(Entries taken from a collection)
>>>
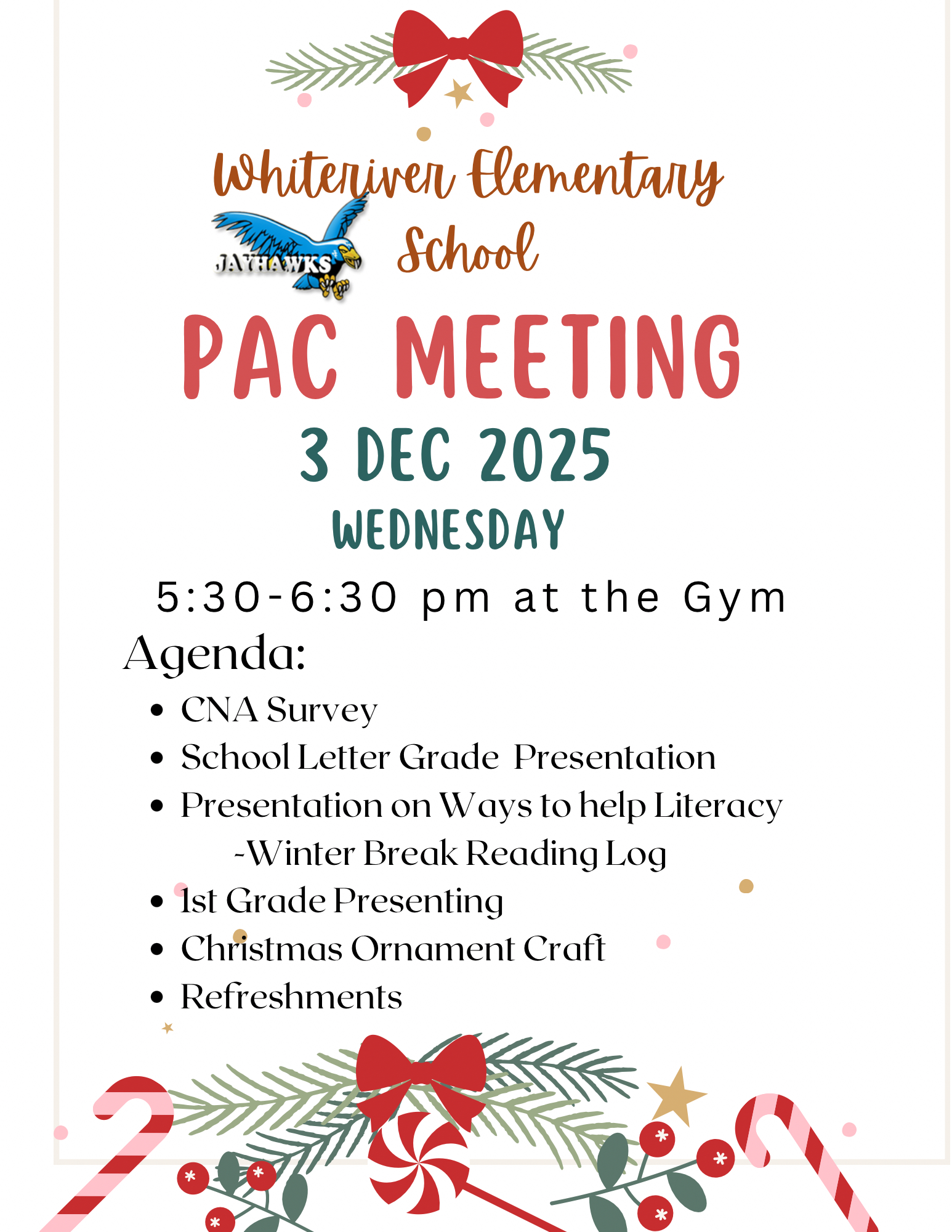 Dec. 3- 5:30 pm PAC Meeting: 1st Grade Presenting
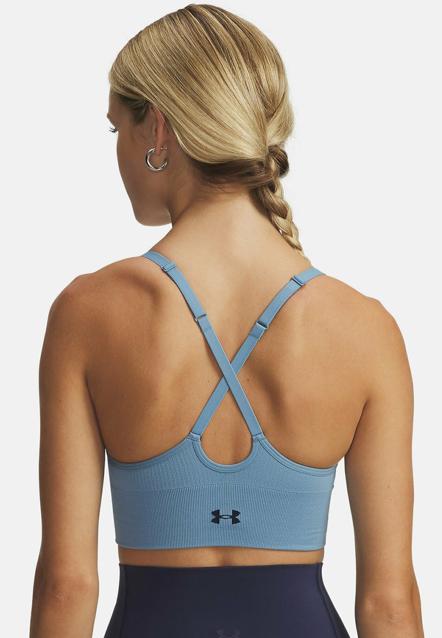 Этот бюстгальтер обеспечивает необходимую поддержку для занятий с низкой интенсивностью. Этот бюстгальтер имеет удлиненный крой, бесшовную посадку и регулируемые бретели для полного комфорта.О товареБюстгальтер без косточекСпорт: Тренировки и фитнесМатериал и уход
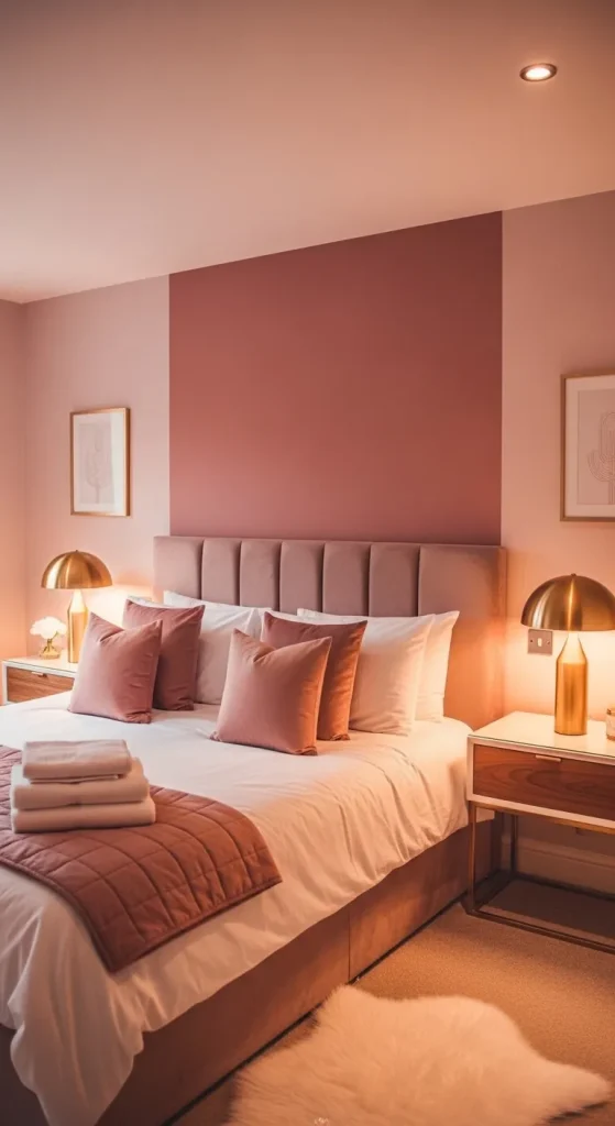 A dusty rose accent wall behind the bed can instantly elevate the room. Pair it with white bedding, gold lamps, and soft blush-toned cushions for a delicate and luxurious feel. Adding floral artwork or subtle wall decor can make the space even more elegant.
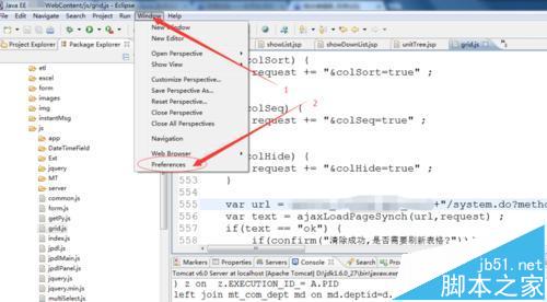 2、打開eclipse,然后點擊上面的window,會出來一些下拉菜單,選擇preferences。
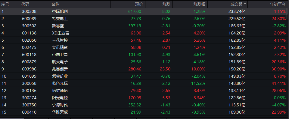 市场高开低走,三大指数集体收跌。截至收盘,沪指跌0.26%报4101.91点,深成指跌0.18%,创业板指跌0.2%。全市场超2900只个股下 跌。 从板块来看,半导体产业链集体走强,长电科技涨停创5年多新高,美埃科技、康强电子、圣晖集成涨停。 | 序号 | 代码 | 名称 | 现个 | 涨跌 | 涨跌幅 | 成交额 ▼ | 年初至今 | | --- | --- | --- | --- | --- | --- | --- | --- | | 1 | 300308 | 中际旭创 | 617.00 | -8.02 | -1.28% | 233.74Z | 1.15% | | 2 | 600089 | 特变电工 | 27.73 | -0.76 | -2.67% | 229.52亿 | 24.80% | | 3 | 300502 | 新易盛 | 397.19 | -2.81 | -0.70% | 186.63亿 | -7.82% | | 4 | 601138 | XD工业富 | 63.00 | 2.54 | 4.20% | 164.20亿 | 2.09% | | 5 | 002050 | 三花智控 | 57.46 | ...
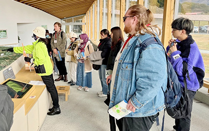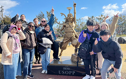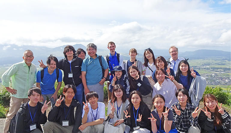 2023年11月に、留学生に日本及び熊本の地理や文化について学んでもらうことと、日本人学生の英語力向上のため、留学生(モンタナ州立大学ビリングスからの交換留学生、インドネシア・ガーナからの水銀研究留学生)4名、日本人学生で阿蘇ツアーを開催し交流を深めました。
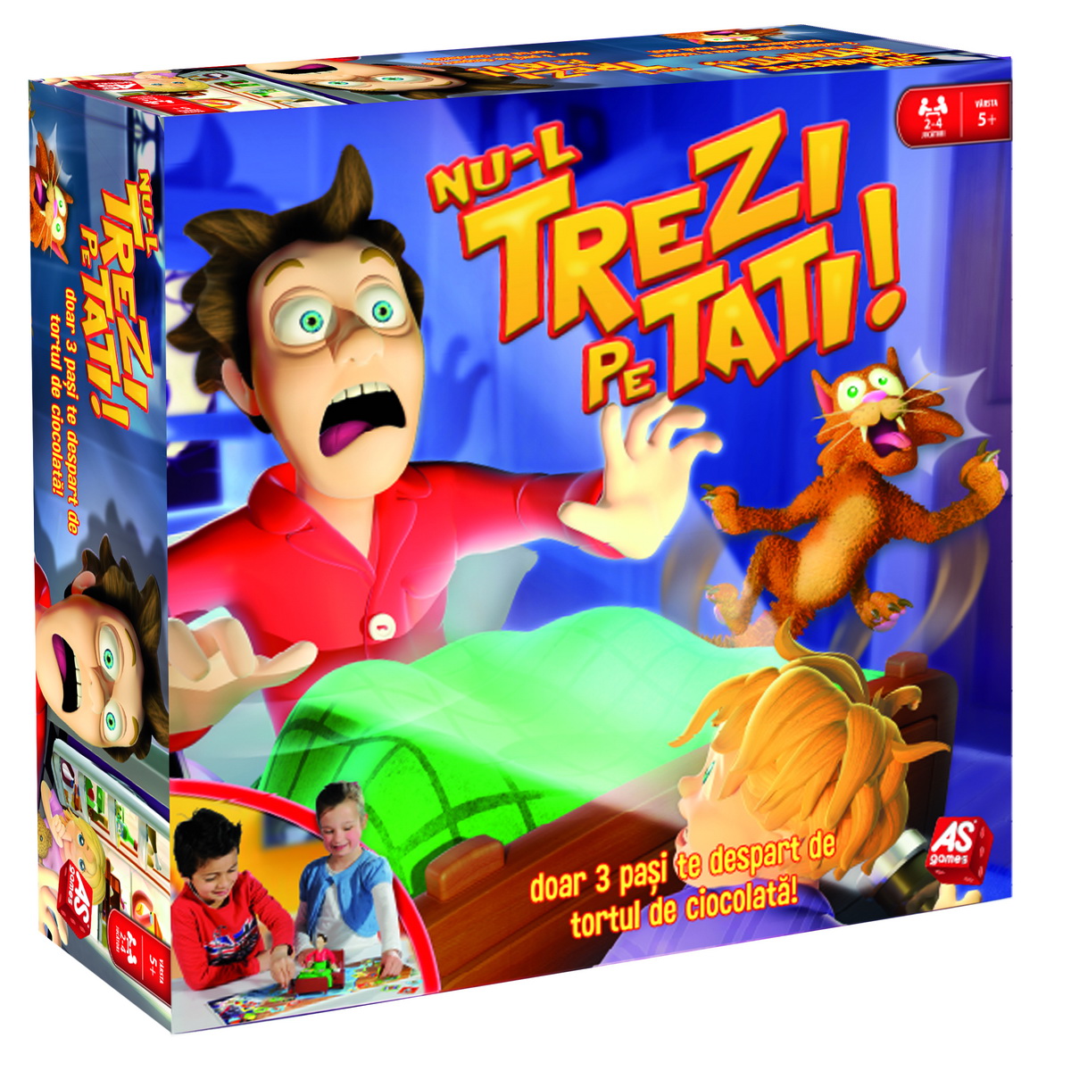 Este seara tarziu si esti gata de somn, cand, dintr-o data iti amintesti de tortul de ciocolata din frigider... si nu-i poti rezista! Trebuie sa ajungi la frigider, traversand casa in intregime pe varful degetelor... ferindu-te de obstacolele care produc zgomote si-l pot trezi pe tati! Doar 3 pasi te despart de tortul de ciocolata! Invarte roata pentru a incepe, insa mergi cu atentie pe varful degetelor. Pazea, vei avea multe obstacole. Un pas gresit il poate trezi pe tati si va fi foarte suparat. Jocul contine tataelectronic tabla de joc16 cartonase 4 pioni 1 sageata 1 pagina cu stickere ghid de instructiuni. Numar jucatori 2-4.
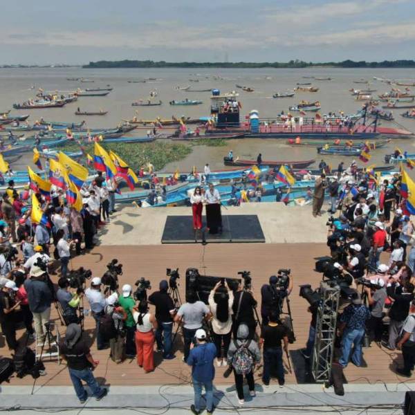 Lasso cerró su campaña al pie del río Guayas. Foto: Twitter @LassoGuillermo.
<<<
> EXERCISE: Repeat exactly the lines above, beginning at the one containing "A dusty rose" and ending at the one containing "2023年11月に、留学生に". Do not carry over any pictures.

> SOLUTION TO THIS EXERCISE:
 A dusty rose accent wall behind the bed can instantly elevate the room. Pair it with white bedding, gold lamps, and soft blush-toned cushions for a delicate and luxurious feel. Adding floral artwork or subtle wall decor can make the space even more elegant.
 2、打開eclipse,然后點擊上面的window,會出來一些下拉菜單,選擇preferences。
 市场高开低走,三大指数集体收跌。截至收盘,沪指跌0.26%报4101.91点,深成指跌0.18%,创业板指跌0.2%。全市场超2900只个股下 跌。 从板块来看,半导体产业链集体走强,长电科技涨停创5年多新高,美埃科技、康强电子、圣晖集成涨停。 | 序号 | 代码 | 名称 | 现个 | 涨跌 | 涨跌幅 | 成交额 ▼ | 年初至今 | | --- | --- | --- | --- | --- | --- | --- | --- | | 1 | 300308 | 中际旭创 | 617.00 | -8.02 | -1.28% | 233.74Z | 1.15% | | 2 | 600089 | 特变电工 | 27.73 | -0.76 | -2.67% | 229.52亿 | 24.80% | | 3 | 300502 | 新易盛 | 397.19 | -2.81 | -0.70% | 186.63亿 | -7.82% | | 4 | 601138 | XD工业富 | 63.00 | 2.54 | 4.20% | 164.20亿 | 2.09% | | 5 | 002050 | 三花智控 | 57.46 | ...
 2023年11月に、留学生に日本及び熊本の地理や文化について学んでもらうことと、日本人学生の英語力向上のため、留学生(モンタナ州立大学ビリングスからの交換留学生、インドネシア・ガーナからの水銀研究留学生)4名、日本人学生で阿蘇ツアーを開催し交流を深めました。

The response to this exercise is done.